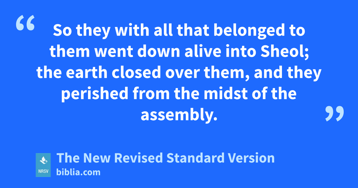 So they with all that belonged to them went down alive into Sheol; the earth closed over them, and they perished from the midst of the assembly.
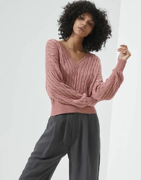 Носити светри оверсайз можна з будь-яким варіантом низу: брюками, спідницями, джинсами, легінсами, сукнями в білизняному стилі.
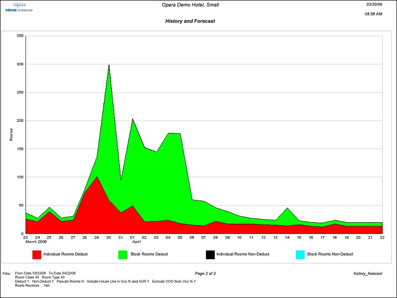The history_forecast report output will include both Block Rooms Picked Up (reservations have been made) and Block Rooms Not Picked up (rooms have been reserved in the Block Grid but reservations have not been made) in the GRP columns, but does not include block rooms when the block status is INQUIRY, REGRET and LOST. There is a breakdown between Deduct and Non Deduct.

- [Task instructions]: The whole listing above is to be printed again exactly; pictures stay out of it.

- [Final answer]:
 So they with all that belonged to them went down alive into Sheol; the earth closed over them, and they perished from the midst of the assembly.
 Носити светри оверсайз можна з будь-яким варіантом низу: брюками, спідницями, джинсами, легінсами, сукнями в білизняному стилі.
The history_forecast report output will include both Block Rooms Picked Up (reservations have been made) and Block Rooms Not Picked up (rooms have been reserved in the Block Grid but reservations have not been made) in the GRP columns, but does not include block rooms when the block status is INQUIRY, REGRET and LOST. There is a breakdown between Deduct and Non Deduct.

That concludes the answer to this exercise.